## [Data excerpt]
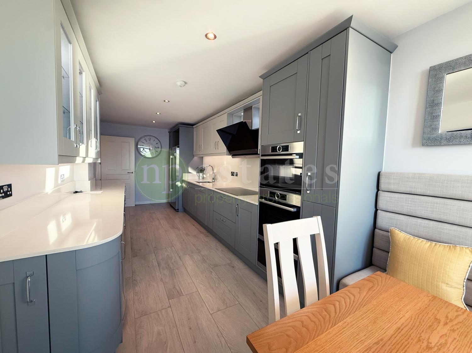 The property features elegant hardwood flooring throughout, a sleek, fully fitted high-spec kitchen, and ample integrated storage. The master bedroom benefits from an en suite with a contemporary finish, while the family bathroom is offers a bath.
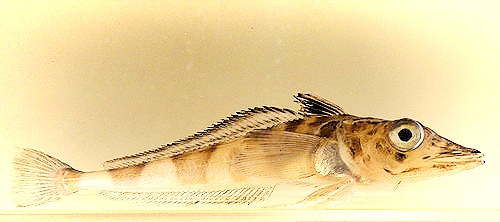 The spiny icefish is a pale grey fish with dark crossbars, a spine on its snout and well-developed spines on its operculum. It reaches a maximum length of 43 cm and has an elongated, oval body shape. This species is known for its unique physiology, being one of the few vertebrates to lack hemoglobin, resulting in a white, translucent appearance. | |
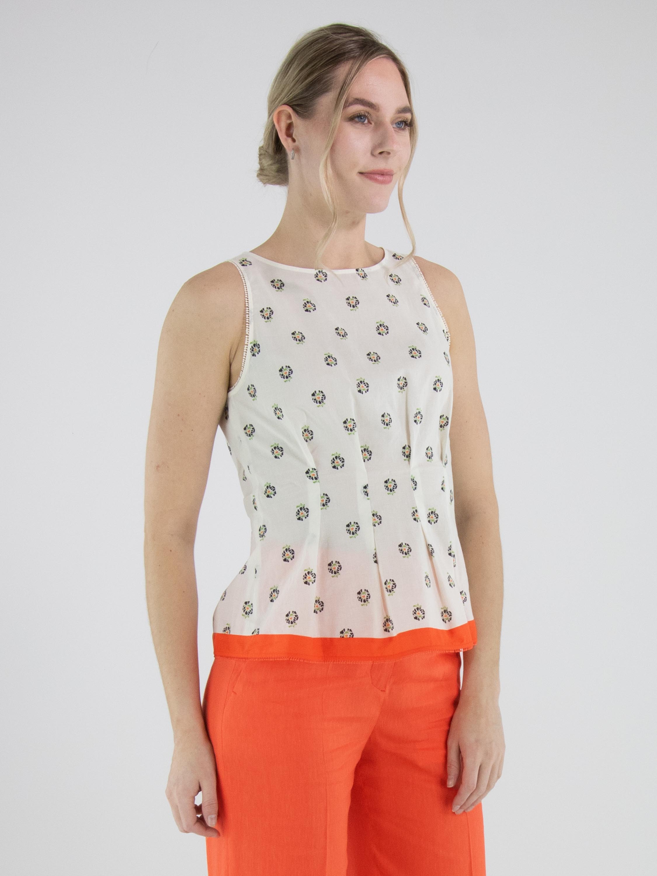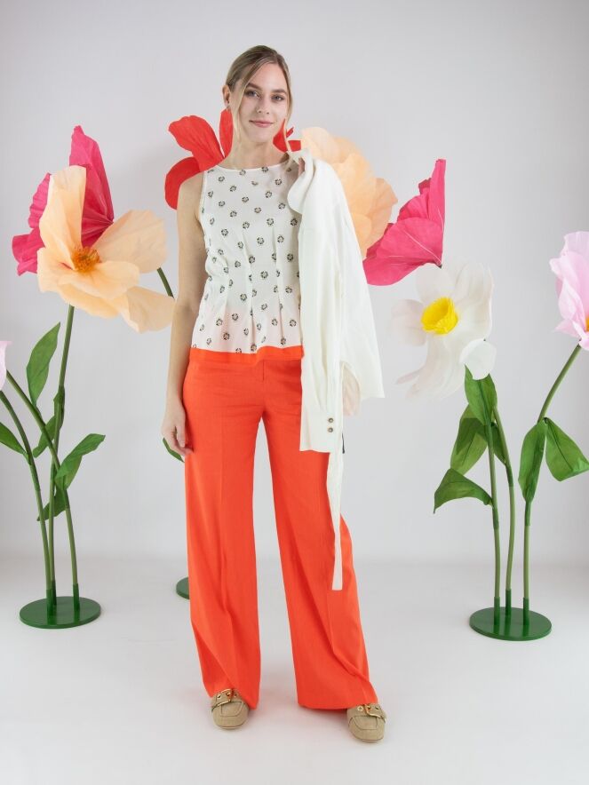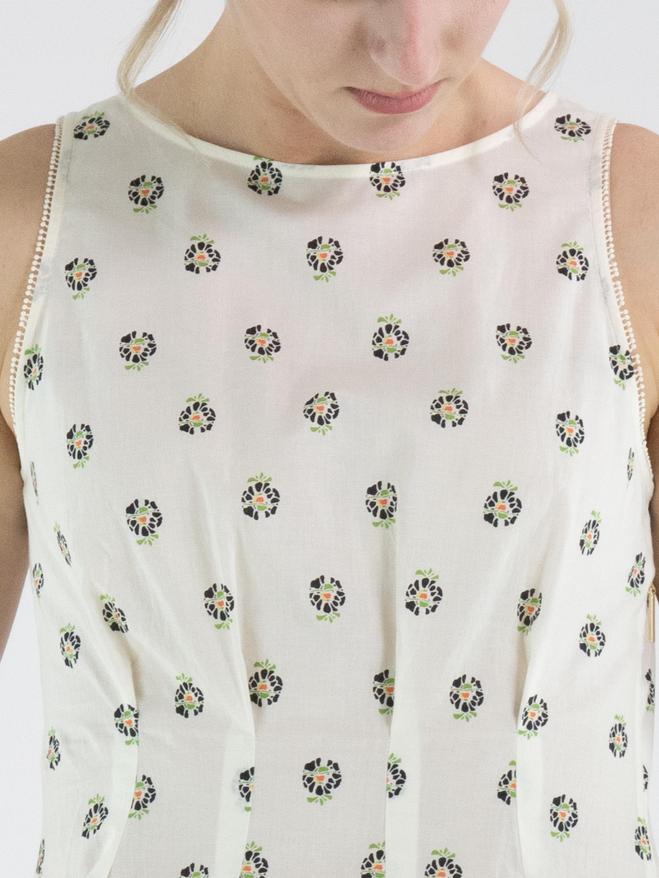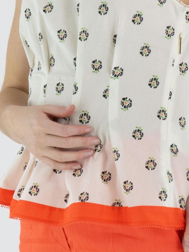 Top van Marc Cain in een bloemetjesmotief in de kleuren groen, zwart en koraalrood op een roomwitte achtergrond. Langs de rand van de mouwinzet en de onderzijde is een fijne mini-pompombies verwerkt, wat zorgt voor een speels en verfijnd detail. De zoom is afgewerkt met een brede band in koraalrood, die het ontwerp een krachtig accent geeft. Aan de linkerzijkant loopt een blinde rits vanaf de mouwinzet tot aan de taille. Ter hoogte van de taille zijn meerdere plissés aangebracht, wat een mooi taille-effect creëert. Deze top kan op 30 graden worden gewassen.
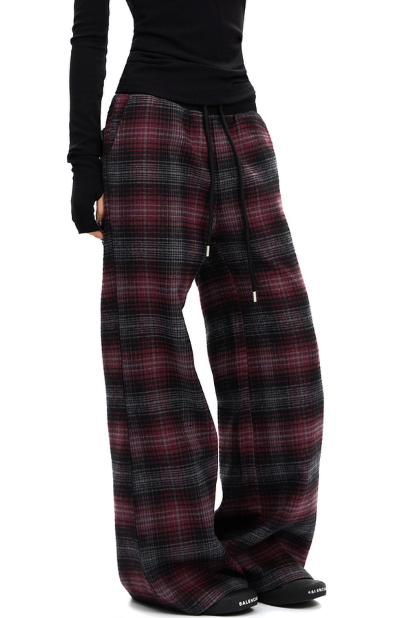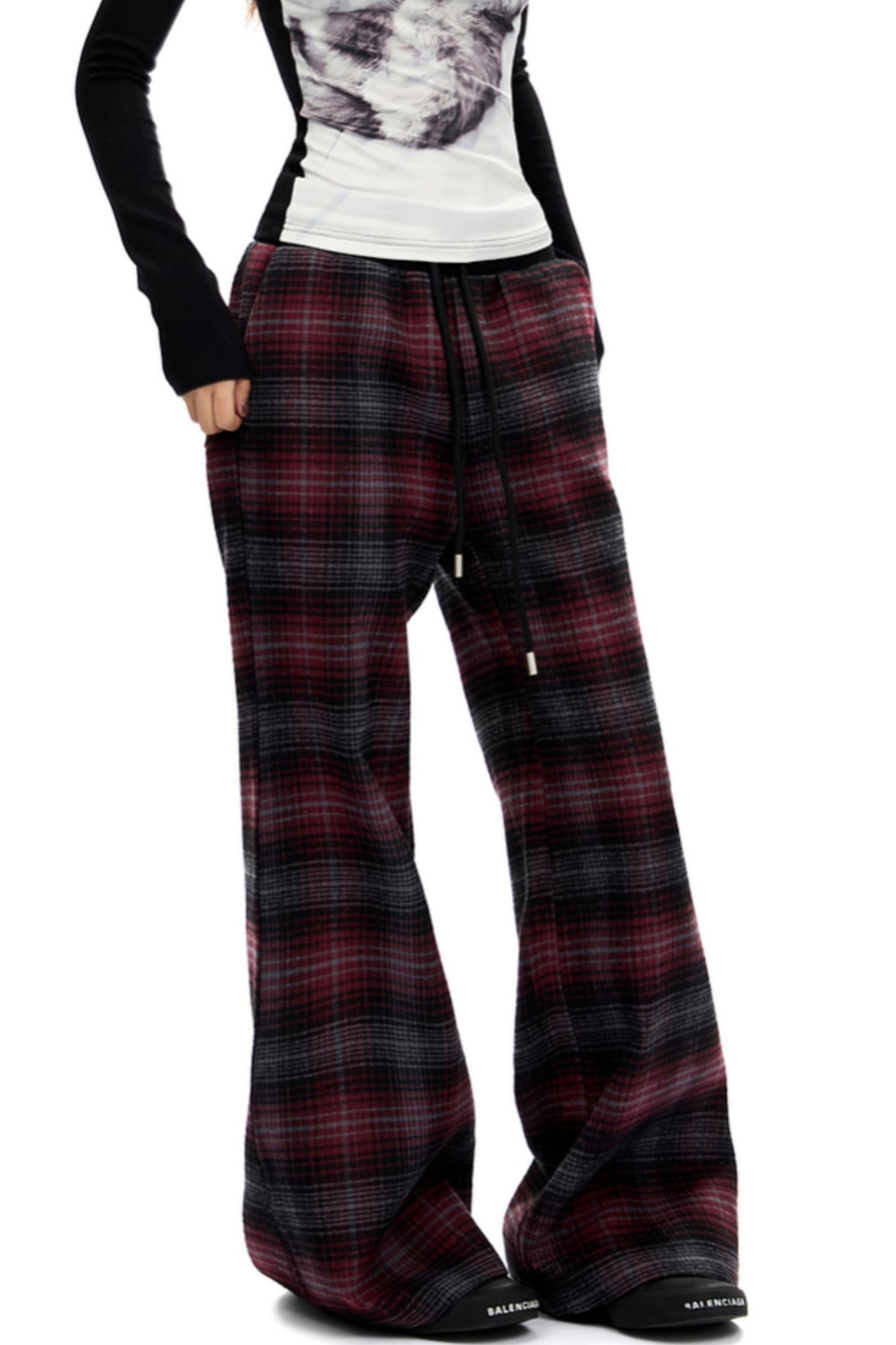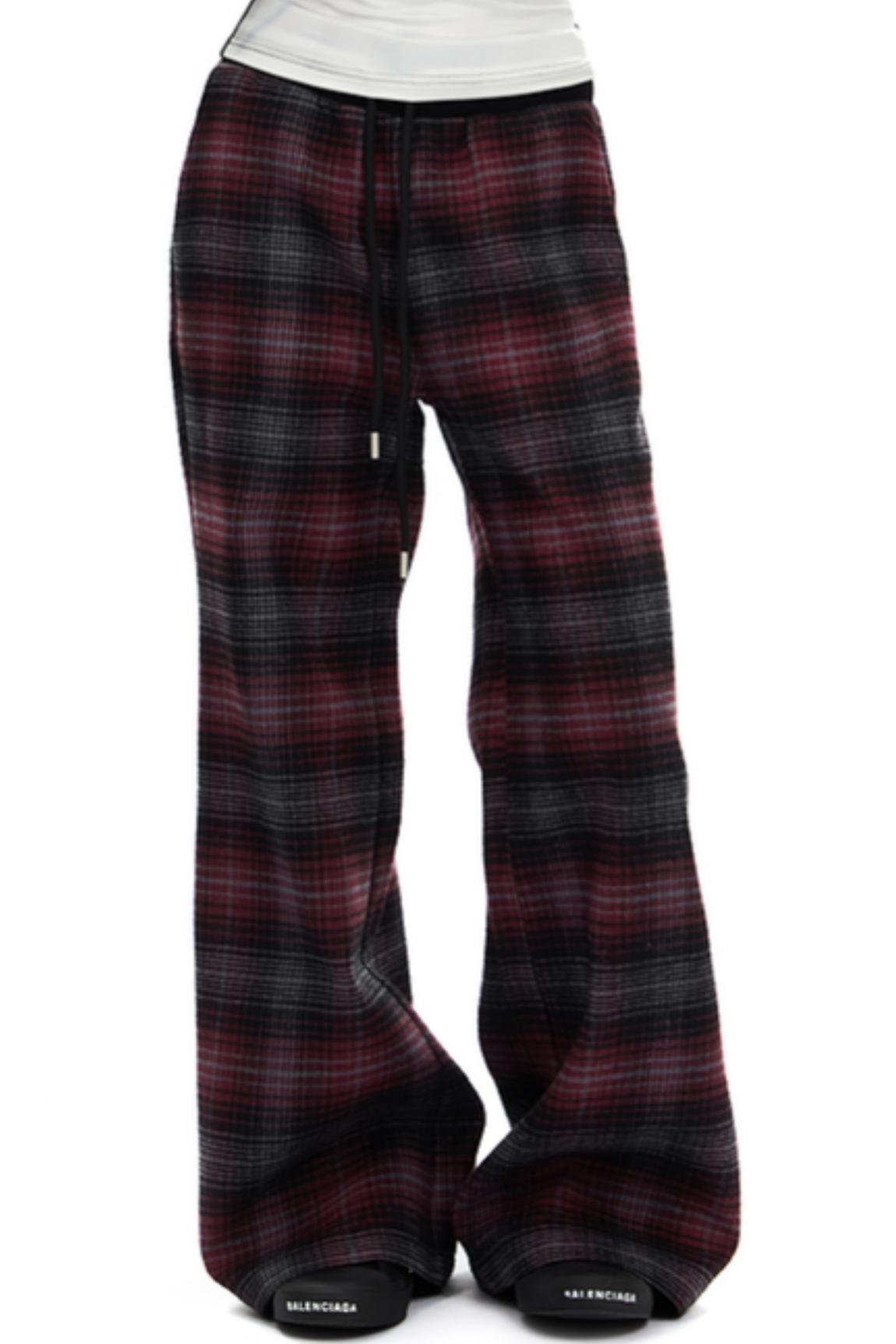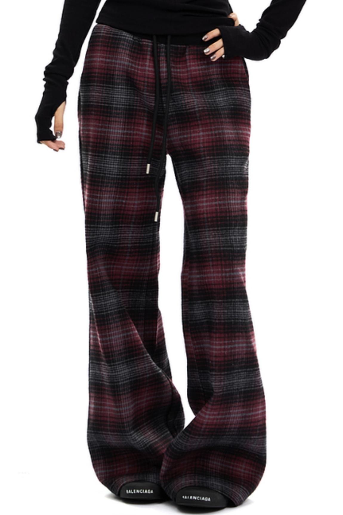 Retro Red Plaid Straight Pants

## [Task details]
What you return should be all of the material above, exactly, and none of its pictures.

## [Solution]
 The property features elegant hardwood flooring throughout, a sleek, fully fitted high-spec kitchen, and ample integrated storage. The master bedroom benefits from an en suite with a contemporary finish, while the family bathroom is offers a bath.
 The spiny icefish is a pale grey fish with dark crossbars, a spine on its snout and well-developed spines on its operculum. It reaches a maximum length of 43 cm and has an elongated, oval body shape. This species is known for its unique physiology, being one of the few vertebrates to lack hemoglobin, resulting in a white, translucent appearance. | |
 Top van Marc Cain in een bloemetjesmotief in de kleuren groen, zwart en koraalrood op een roomwitte achtergrond. Langs de rand van de mouwinzet en de onderzijde is een fijne mini-pompombies verwerkt, wat zorgt voor een speels en verfijnd detail. De zoom is afgewerkt met een brede band in koraalrood, die het ontwerp een krachtig accent geeft. Aan de linkerzijkant loopt een blinde rits vanaf de mouwinzet tot aan de taille. Ter hoogte van de taille zijn meerdere plissés aangebracht, wat een mooi taille-effect creëert. Deze top kan op 30 graden worden gewassen.
 Retro Red Plaid Straight Pants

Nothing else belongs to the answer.